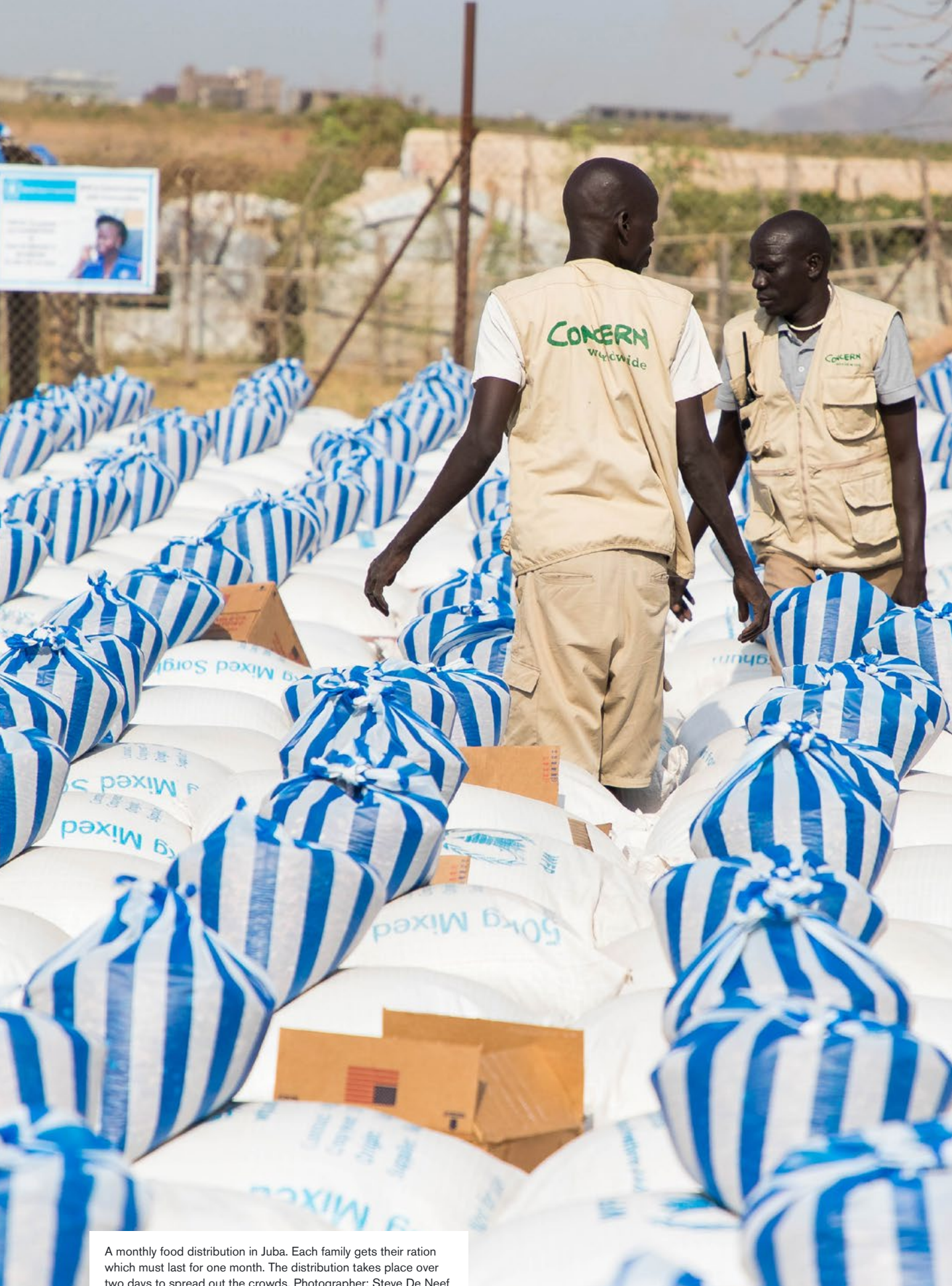
A monthly food distribution in Juba. Each family gets their ration which must last for one month. The distribution takes place over two days to spread out the crowds.
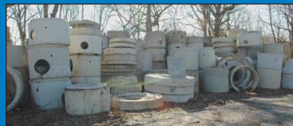
Huge Quantity Construction Materials
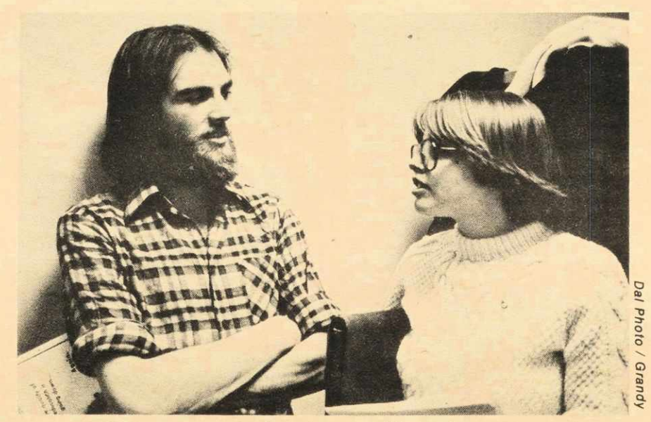
AFS caucus chairpersons, old and new.

for the National Union of Students, told delegates they must continually gather information and keep the cutbacks issue alive on

Task brief
The answer is the run of lines that starts at the one containing "AFS caucus chairpersons, old and new." and ends at the last line of the material, reproduced exactly.

Result of this task
AFS caucus chairpersons, old and new.

for the National Union of Students, told delegates they must continually gather information and keep the cutbacks issue alive on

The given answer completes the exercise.